M.Tabak interjetait appel.

Après plusieurs épisodes procéduraux qu’il n’est pas utile de développer ici, le tribunal décidait l’allocation de dommages et intérêts fondés sur le rapport d’expertise de V.B tel que ci-dessus exposé.

Le 16 mars 2012, M.Tabak formait un appel fondé sur l’article 354(1)du code de procédure en ce que le tribunal avait commis une violation grave de la procédure civile au motif que celui-ci avait désigné l’expert V.B.alors que celle-ci travaillait comme médecin conseil (medical examiner) de la compagnie d’assurance adverse et était également la présidente du comité de direction de sa filiale.

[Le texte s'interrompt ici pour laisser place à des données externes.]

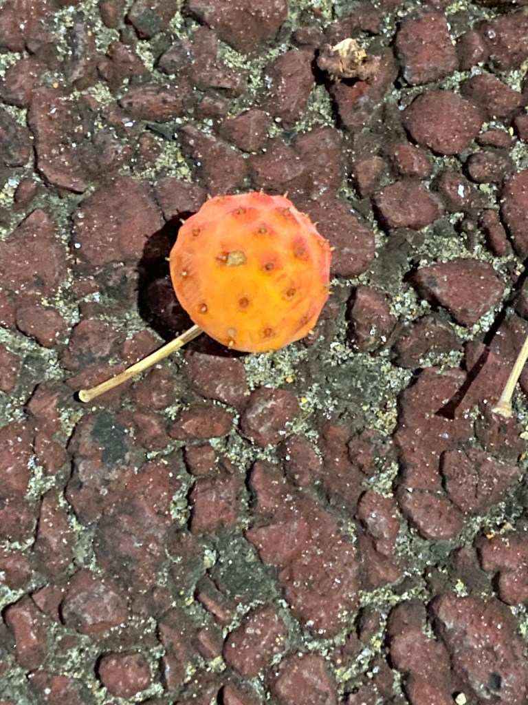 「食べてみたい❗️」と思ったが、植物図鑑には「街路樹は薬剤散布されている可能性があるのでむやみに口に入れないで下さい」「落ちている果実は衛生的によろしくありません」となんだか否定的。あきらめた。
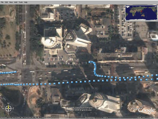 下圖顯示的是在中國(guó)深圳市進(jìn)行汽車(chē)試駕時(shí)的GPS數(shù)據(jù),利用的是Google earth應(yīng)用程序。圖中的每一個(gè)藍(lán)點(diǎn)代表一個(gè)GPS讀數(shù)。這些點(diǎn)在每隔一秒的時(shí)間內(nèi)讀出,因此,連續(xù)點(diǎn)之間的距離就代表著汽車(chē)的速度。我們甚至可以看見(jiàn)汽車(chē)駛?cè)氪髽堑耐\?chē)場(chǎng)。
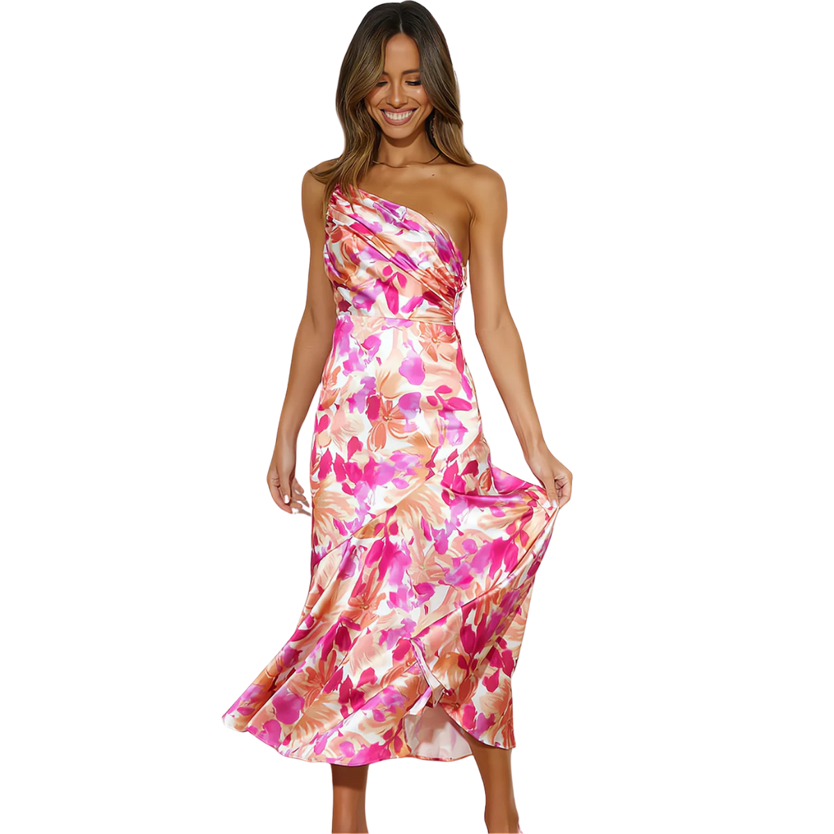 ALVA™ – Asymmetrisk blommig midiklänning 🌸✨
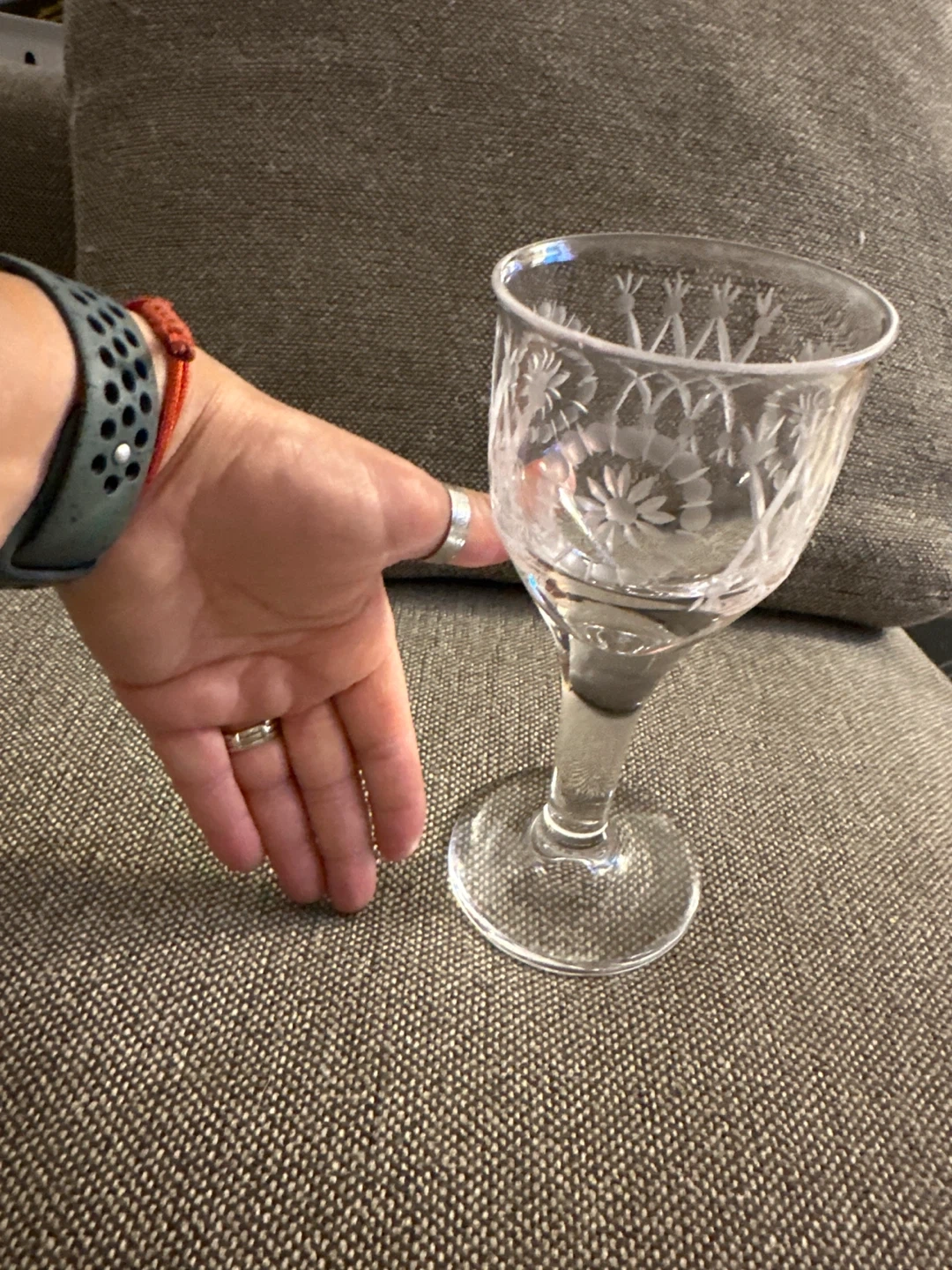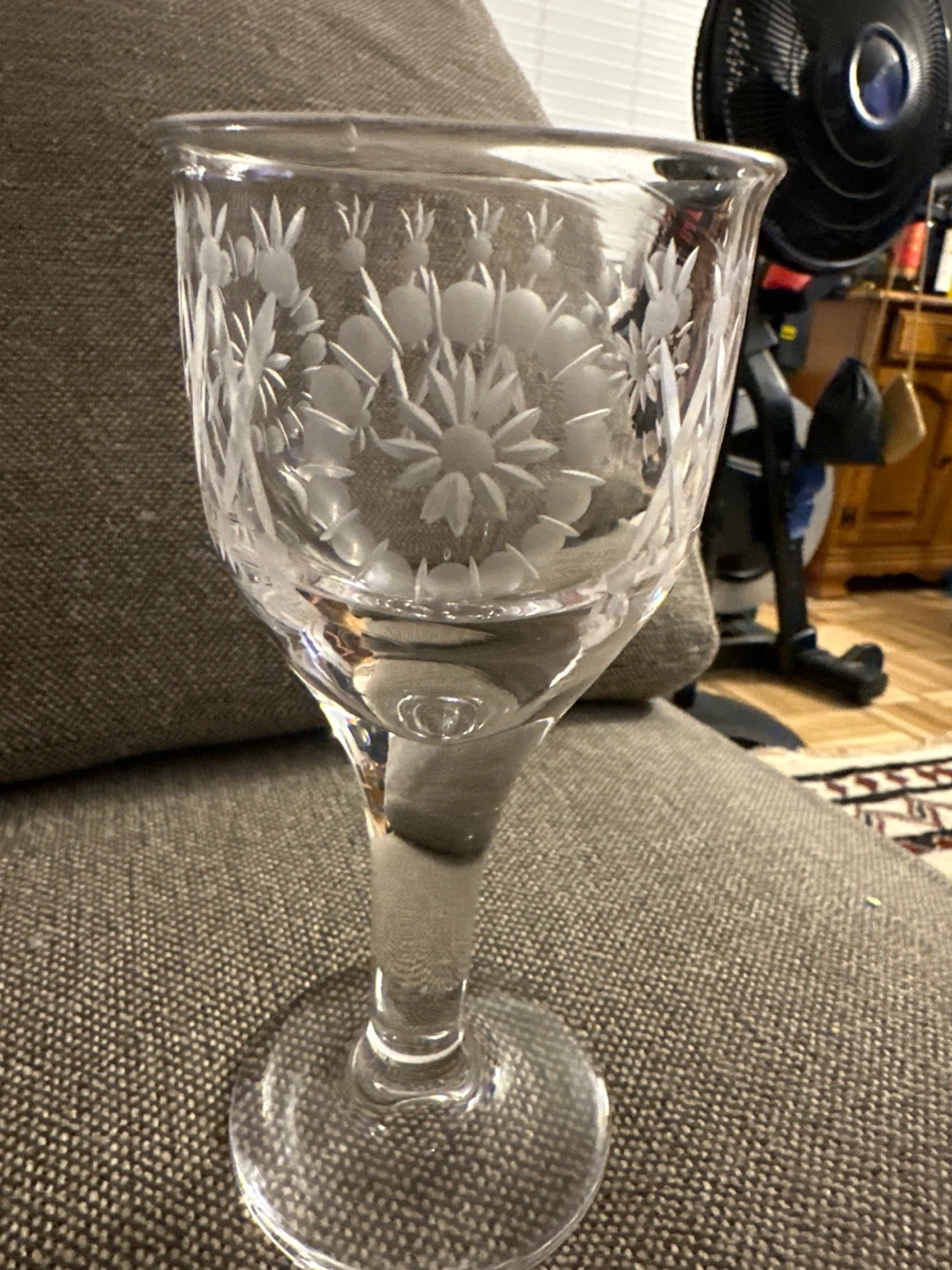 Selling a beautiful etched glass wine goblet. It has a lovely floral and geometric pattern etched into the glass. Perfect for adding a touch of elegance to your table setting!

La cour d’appel a rejeté cette demande au motif qu’elle avait été présentée pour la première fois en appel alors que le code de procédure impose de présenter les objections contre la désignation d’un expert dès que la partie en a connaissance et au plus tard avant l’audience au cours de laquelle le rapport d’expertise est discuté. Si la partie a connaissance de motifs de récusation postérieurement, le tribunal doit agir comme si la requête en récusation avait été présentée en temps utile. S’il ne l’a pas fait de sa propre initiative, il n’y a pas lieu de la déclarer recevable en appel.

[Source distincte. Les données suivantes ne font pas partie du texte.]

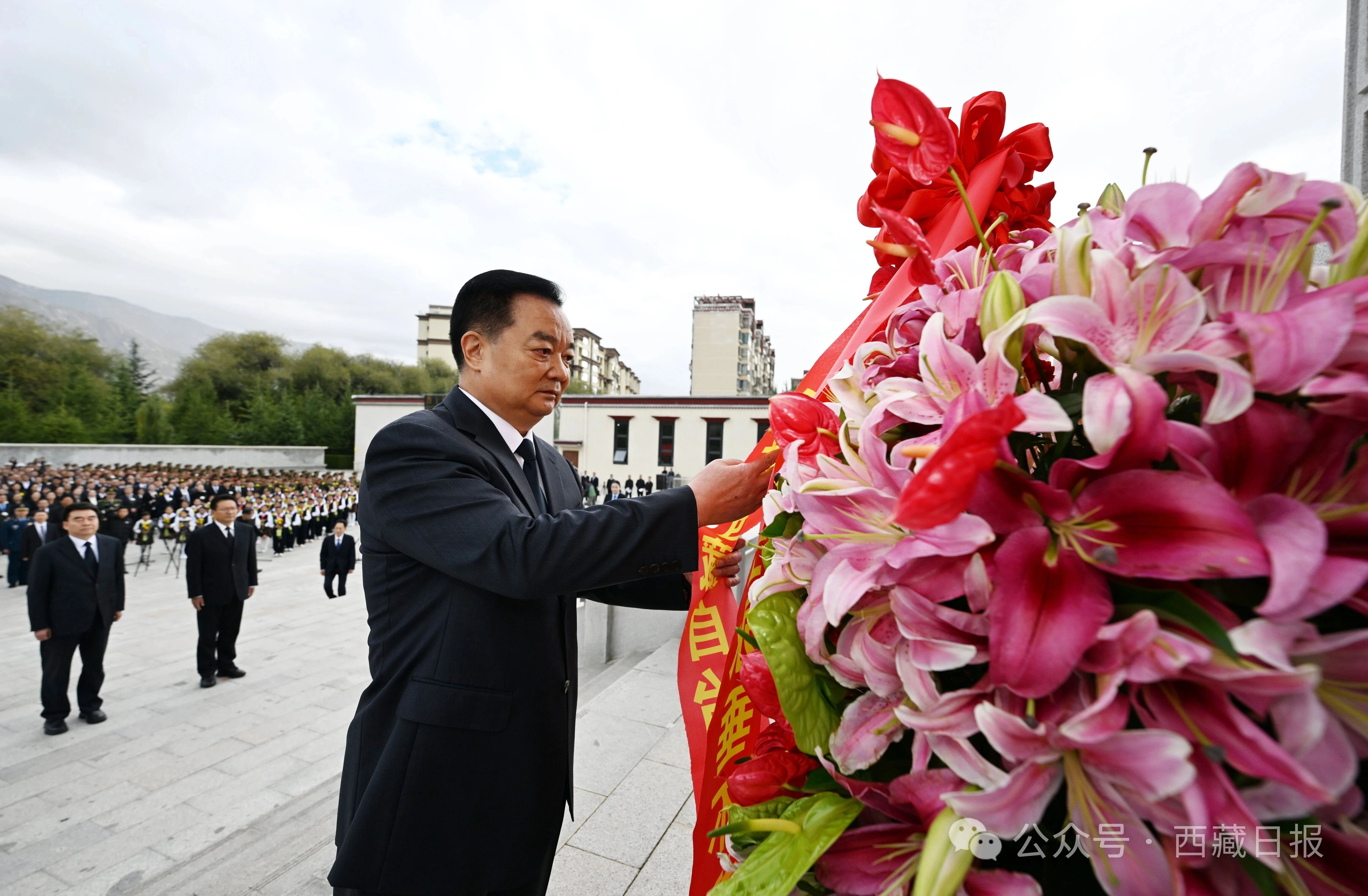 区(中)直单位和拉萨市干部职工代表,烈属、老战士和退役军人代表,学校师生、城镇居民和群众代表,解放军、武警部队官兵和公安干警代表等参加了敬献花篮仪式。

M.Tabak a formé un recours devant la cour constitutionnelle. Ce recours a été rejeté comme manifestement infondé.

C’est dans ce contexte, les recours nationaux étant épuisés, que la CEDH a été saisie sur le fondement de l’article 6 §1 de la Convention qui garantit le droit à un procès équitable.

La décision

La demande, unanimement déclarée recevable, a été jugée mal fondée par quatre voix contre trois.

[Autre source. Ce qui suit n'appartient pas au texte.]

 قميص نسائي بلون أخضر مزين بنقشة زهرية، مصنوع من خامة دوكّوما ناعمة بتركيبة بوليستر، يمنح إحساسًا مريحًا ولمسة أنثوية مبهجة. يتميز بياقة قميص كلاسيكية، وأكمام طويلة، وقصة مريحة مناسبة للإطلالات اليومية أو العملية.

La cour a estimé que l’expert était bien en situation de conflit d’intérêts du fait de ses fonctions au sein de la compagnie défenderesse.

Mais elle a considéré que :

  • le demandeur disposait dans la législation croate applicable d’un moyen de droit lui permettant de demander sa récusation,
  • qu’il avait en outre la possibilité de connaître la situation professionnelle de l’expert dont les données étaient accessibles,
  • qu’il ne l’a pas fait dans les délais imposés par la procédure civile,

Et qu’en conséquence il n’est pas fondé à se plaindre d’une violation du droit à un procès équitable.

L’avis concurrent

La décision contient en outre, comme il est d’usage devant la CEDH, l’avis concurrent d’un juge qui, bien qu’approuvant la décision, estime que l’expert n’était pas en situation de conflit d’intérêt en se fondant sur la nécessité d’adopter une interprétation restrictive des textes. Ce juge souligne que l’expert en cause avait été employée par la compagnie défenderesse en 1995, soit 11 années avant sa désignation et qu’à la date de celle-ci elle n’était pas membre du comité de direction de cette compagnie mais de sa filiale.

L’avis dissident

La décision contient enfin l’avis dissident des trois juges minoritaires qui estiment pour leur part que la violation du droit à être entendu dans un procès équitable est consommée en ce qu’il appartenait à l’expert, en situation de conflit d’intérêt, de le faire savoir au tribunal. Il incombait en tout état de cause à ce tribunal d’inviter l’expert, lors de l’audience de désignation, à expliquer quelles étaient ses relations avec le défendeur en application de l’article 251 du code de procédure civile croate. En s’abstenant de le faire, le tribunal de première instance a privé le demandeur de la possibilité de demander la récusation de l’expert.

Débat

La théorie de l’apparence, consacrée par la CEDH sous la formulation bien connue : « Justice should not only be done, it should also be seen to be done » ou respect du formalisme procédural, tels semblent bien être les deux pôles entre lesquels se sont concentrés les débats des juges européens.

S’agit-il d’une victoire durable du second ou d’un arrêt d’espèce ?  Question à suivre.